Pomogła: 1 raz Dołączyła: 31 Sie 2006 Posty: 4793 Skąd: Malbork/Luton
Wysłany: Pon 23 Lis, 2015 13:19
Dziękujemy za buziaczki wszystkim
Blanka po chorobie szaleje z jedzeniem... może ciut przytyje, jak tak wcina
ja szykuję, a ona biega między nogami, popiskuje, woła- szybciej, szybciej, bo umieram z głodu
Nie dostaje więcej, ale że zaczęła tak żarłocznie pochłaniać porcje swoje, znowu im zaparzam kuleczki, mokra karma wrócila do łask, oczywiście z dodatkami
_________________ www.leniuch.com - to na razie stronka tylko Leniuszka
Graszka trzymamy kciuki za jutrzejszy dzień i za Wasze Lenie.

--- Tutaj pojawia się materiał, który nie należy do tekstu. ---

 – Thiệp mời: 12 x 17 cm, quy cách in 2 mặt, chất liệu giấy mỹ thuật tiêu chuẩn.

Pozdrawiaj całą Ekipè z kliniki w Grudziądzu od nas
a doktora Wojtusia to uścisaj mocno.
Nasz człowiek
Pomogła: 1 raz Dołączyła: 31 Sie 2006 Posty: 4793 Skąd: Malbork/Luton
Wysłany: Wto 02 Sie, 2016 16:01
Już dawno powinnam napisać o leczeniu Leniuszka w klinice dr Jacka Mederskiego, ale czas jakoś tak szybko leci, że nie nadążam... juz nadrabiam
Leniuszek od zawsze- odkąd jest u nas ( miał 9 m-cy), czyli od 10 lat- miał problemy z uszami - wiecznie zaczerwienione, choć leczone na bieżąco( badania woskowizy, wydzieliny itp.)- zawsze gdzieś te drożdżaki atakowaly w wilgoci, skutkiem czego podawanie leków do uszu bylo już normą i po prostu nie skutkowało na dłużej- reagował tylko już na Surolan, ale i tak z ciągłymi nawrotami.

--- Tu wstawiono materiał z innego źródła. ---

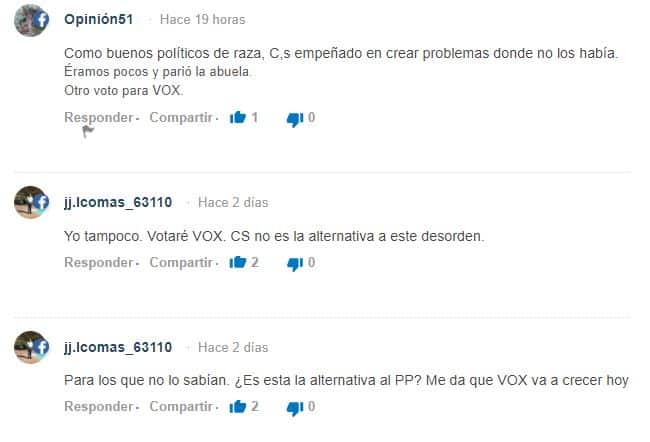 En los comentarios, sus lectores tampoco se quedan atrás. ¿Y qué hace un votante de Ciudadanos cuando el partido naranja defrauda? Pues irse al partido verde. Nos referimos a VOX:

Do tego od zawsze był "leniwy" w chodzeniu po mieszkaniu- ciągnął dupsko z kuchni do sypialni na powrót, po schodach wchodził skacząc jak żaba przednimi i tylnymi łapami- jakby nie umiał inaczej. Gdy miał zwichnięty staw łokciowy w prawej,przedniej łapie- ustawiałam mu nogi, aby mogł wejść.
Klika lat temu zacząl kaszleć, co dawało symptomy, że to raczej serce- badania potwierdziły, więc od tego czasu leki- Verospiron, Lotensin, Chydrochlorochiazyt- chyba dobrze napisane?
No i chyba 4 lata temu- otrucie środkiem roślinobójczym .... - podgryzł sobie trawy na spacerze spryskanej Randhap-em,cudem uratowany- trzustka zrujnowana, nie trawi tluszczów, więc dożywotnio enzymy, ktore spełniają swoją rolę dobrze, co mnie bardzo cieszy, ale dietka do konca życia i specjalistyczna karma beztluszczowa.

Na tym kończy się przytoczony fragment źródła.